Key Takeaway: In GitOps, engineers don't deploy applications. They update Git, and the platform deploys applications automatically.

Why Traditional CI/CD Pipelines Break at Scale

Traditional CI/CD pipelines work well for small teams, but they often struggle as applications and environments grow.

Some common challenges include:

  • Configuration drift: Manual cluster changes eventually diverge from Git.
  • Environment inconsistency: Development, staging, and production slowly become different.
  • Limited auditability: It's difficult to determine who changed what and when.
  • Risky rollbacks: Recovering from failed deployments often involves guesswork.
  • Manual intervention: Engineers spend valuable time applying manifests and fixing deployments.

GitOps eliminates these issues by ensuring that Git always represents the desired system state. If someone changes a resource manually, the GitOps controller detects the drift and restores the correct configuration automatically.

GitOps Architecture

A production-ready GitOps architecture separates responsibilities across different tools.

Each component has a specific role:

  • Developer: Writes code and updates Kubernetes manifests.
  • GitHub: Stores application code and deployment configuration.
  • GitHub Actions: Builds Docker images, runs tests, and updates manifests.
  • Container Registry: Stores versioned container images.
  • Argo CD: Continuously watches Git repositories for changes.
  • Kubernetes: Runs workloads and maintains application availability.

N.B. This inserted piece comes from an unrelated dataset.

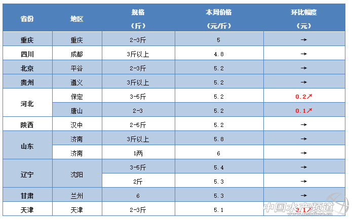 | 中國水產(chǎn)頻道獨(dú)家報(bào)道,最近的草魚行情也是不負(fù)厚望,各地均出現(xiàn)回暖。 文/水產(chǎn)前沿鄭鵬飛 一周要聞 在2018年最后的幾天里,冷空氣著實(shí)把全國給凍了個(gè)徹底,廣東、廣西部分地區(qū)都已經(jīng)下起大雪,氣溫將到5℃左右。最近的草魚行情也是不負(fù)厚望,各地均出現(xiàn)回暖。 最近,珠三角地區(qū)統(tǒng)鯇直奔5元/斤,本周中山地區(qū)大草魚最高上漲0.7元/斤;福建地區(qū)流通商到處找魚,多個(gè)品種魚價(jià)均出現(xiàn)大幅上漲,3斤草魚最高賣到6.1元/斤;華中和華東大部分地區(qū)目前價(jià)格上漲不是很明顯,但是由于大雪封路導(dǎo)致市場無魚可賣,部分市場草魚價(jià)格也是應(yīng)聲上漲。長沙市場草魚一度賣到6元/斤,武漢地區(qū)草魚最新報(bào)價(jià)也上漲0.2元/斤,隨州地區(qū)6斤草魚也賣到7元/斤。 今日行情 華南地區(qū) 受冷空氣影響,本周華南大部分地區(qū)氣溫都降到了5℃左右,最近華南大部分地區(qū)草魚行情出現(xiàn)回暖。其中,珠三角地區(qū)統(tǒng)鯇塘頭價(jià)直奔5元/斤而去,大部分地區(qū)最新報(bào)價(jià)4.9元/斤,較之前上漲0.2元/斤;佛山勒流地區(qū)2斤以上的草魚可以賣到6元/斤;廣州地區(qū)統(tǒng)鯇最新報(bào)價(jià)也漲到4.8元/斤,較上周上漲0.3元/斤;中山地區(qū)大草魚最大漲幅達(dá)到0.7元/斤,統(tǒng)鯇最新報(bào)價(jià)也漲到4.9元/斤。本周廣西貴港地區(qū)4-6斤草魚塘頭賣到5.5元/斤,較上周上漲0.2元/斤,其他地區(qū)草魚行情暫時(shí)沒有出現(xiàn)明顯變化。 中山:受冷空氣影響,最近中山地區(qū)草魚行情整體出現(xiàn)回暖。其中,統(tǒng)鯇漲了0.2元/斤,大部分地區(qū)最新報(bào)價(jià)4.9元/斤。從養(yǎng)殖戶了解到,本周中山部分地區(qū)大草魚上漲了0.7元/斤,近期行情看好。 江門:本周江門地區(qū)的草魚行情也是有所回升。其中,3斤左右草魚的賣4.9元/斤,4斤以上的賣5.4-5.5元/斤。臺(tái)山地區(qū)最新塘頭價(jià)賣到4.7元/斤,價(jià)格也是出現(xiàn)了上漲。 肇慶:本周肇慶地區(qū)草魚塘頭價(jià)也上升了0.2元/斤,超市鯇最新報(bào)價(jià)4.2元/斤,5斤以上的賣6.4元/斤。 梅州:據(jù)業(yè)內(nèi)人士介紹,目前梅州地區(qū)2-4斤的草魚最新報(bào)價(jià)5.1-5.2元/斤,最近走量越來越大。 茂名:目前茂名地區(qū)大草魚價(jià)格稍微好轉(zhuǎn),小草魚還是老樣子。 佛山:本周佛山地區(qū)草魚價(jià)格也是出現(xiàn)上漲。從養(yǎng)殖戶了解到,順德勒流地區(qū)2斤以上的草魚可以賣到6元/斤。 廣州:據(jù)流通商介紹,目前廣州的地區(qū)草魚價(jià)格也是漲到4.8元/斤,相比上周漲0.3元/斤。 廣西:本周廣西地區(qū)草魚行情整體辯護(hù)不大,部分地區(qū)價(jià)格也是有小幅回升。從養(yǎng)殖戶了解到,目前貴港地區(qū)4-6斤的草魚最新報(bào)價(jià)5.5元/斤,較上周上漲0.2元/斤;桂林地區(qū)報(bào)價(jià)還是5-5.3元/斤,價(jià)格暫時(shí)沒有太大變化;來賓地區(qū)目前草魚行情暫時(shí)沒有出現(xiàn)明顯變化。 華中地區(qū) 本周華中大部分地區(qū)都下起了大雪,草魚行情整體出現(xiàn)回暖。江西地區(qū)草魚行情整體變化不大,了解到除贛州和南昌地區(qū)草魚價(jià)格有小幅回暖,銷量增加,其他地區(qū)價(jià)格暫時(shí)還沒有出現(xiàn)上漲。湖南常德、岳陽、益陽有部分地區(qū)草魚價(jià)格出現(xiàn)小幅上漲,下雪的時(shí)候長沙市場草魚賣到了6元,其他地區(qū)暫時(shí)沒有出現(xiàn)明顯變化。由于大雪封路,市場無魚,本周湖北地區(qū)草魚整體行情呈上漲趨勢。隨州地區(qū)6斤草魚最新塘頭價(jià)賣到7元/斤;武漢地區(qū)草魚價(jià)格較上周上漲0.2元/斤。 江西:本周江西地區(qū)草魚整體變化還是不大,有部分地區(qū)價(jià)格開始有小幅上漲。其中,南昌地區(qū)漲了0.1-0.2元/斤,2-3斤的草魚最新報(bào)價(jià)4.3-4.7元/斤;贛州地區(qū)3斤的網(wǎng)箱草魚已經(jīng)漲到5.1元/斤,最近銷量大增。其他地區(qū)整體行情暫時(shí)還沒有出現(xiàn)明顯回升,其中宜春地區(qū)3斤以上的草魚賣4.2-4.3元/斤,4斤以上的賣4.6元/斤;樟樹地區(qū)的草魚行情還是老樣子,養(yǎng)殖戶表示希望過幾天外省的車過來價(jià)格能有所上漲;目前吉安地區(qū)3斤的草魚賣4.5元/斤,大草魚賣5.3元/斤,暫時(shí)魚還是不太好賣。 湖南:本周湖南大部分地區(qū)都下了大雪,道路不通,養(yǎng)殖戶都沒有怎么賣魚,目前整體魚價(jià)行情還不是很明朗,暫時(shí)未有明顯變化,部分地區(qū)有小幅上漲。其中,下雪的時(shí)候長沙市場草魚賣到了6元,岳陽地區(qū)的草魚行情出現(xiàn)小幅回升,塘頭價(jià)最高賣到4.8元/斤。益陽地區(qū)2.5斤的草魚還是維持在4.3元/斤,大規(guī)格價(jià)格有所回升。常德部分地區(qū)價(jià)格有小幅上漲。有業(yè)內(nèi)人士表示,最近湖南已經(jīng)取消了寒潮預(yù)警,到目前為止湘陰地區(qū)仍未見到價(jià)格回升。今天長沙水渡河市場外省草魚特別多,價(jià)格行情不是很好,種種跡象表明,隨著寒潮的緩和,草魚價(jià)格會(huì)有下降的可能,希望養(yǎng)殖戶抓住時(shí)機(jī),見好就收。 湖北:由于大雪封路,市場無魚,本周湖北地區(qū)草魚整體行情呈上漲趨勢。其中,隨州草魚漲了,最新報(bào)價(jià)7元/斤;武漢地區(qū)草魚價(jià)

Because every deployment flows through Git, teams gain complete visibility into their software delivery process.

A Real Production GitOps Workflow

Let's walk through a deployment that many engineering teams perform every day.

Step 1: Developer Creates a Feature

A developer implements a new API endpoint and opens a pull request.

The application code is reviewed, tested, and approved before merging.

No deployment happens yet.

Step 2: CI Pipeline Starts

Once the pull request is merged, GitHub Actions automatically begins the CI pipeline.

Typical steps include:

  • Running unit tests
  • Performing static code analysis
  • Building the Docker image
  • Running vulnerability scans
  • Publishing the image to a container registry

Every successful build receives a unique image tag such as myapp:v2.3.1.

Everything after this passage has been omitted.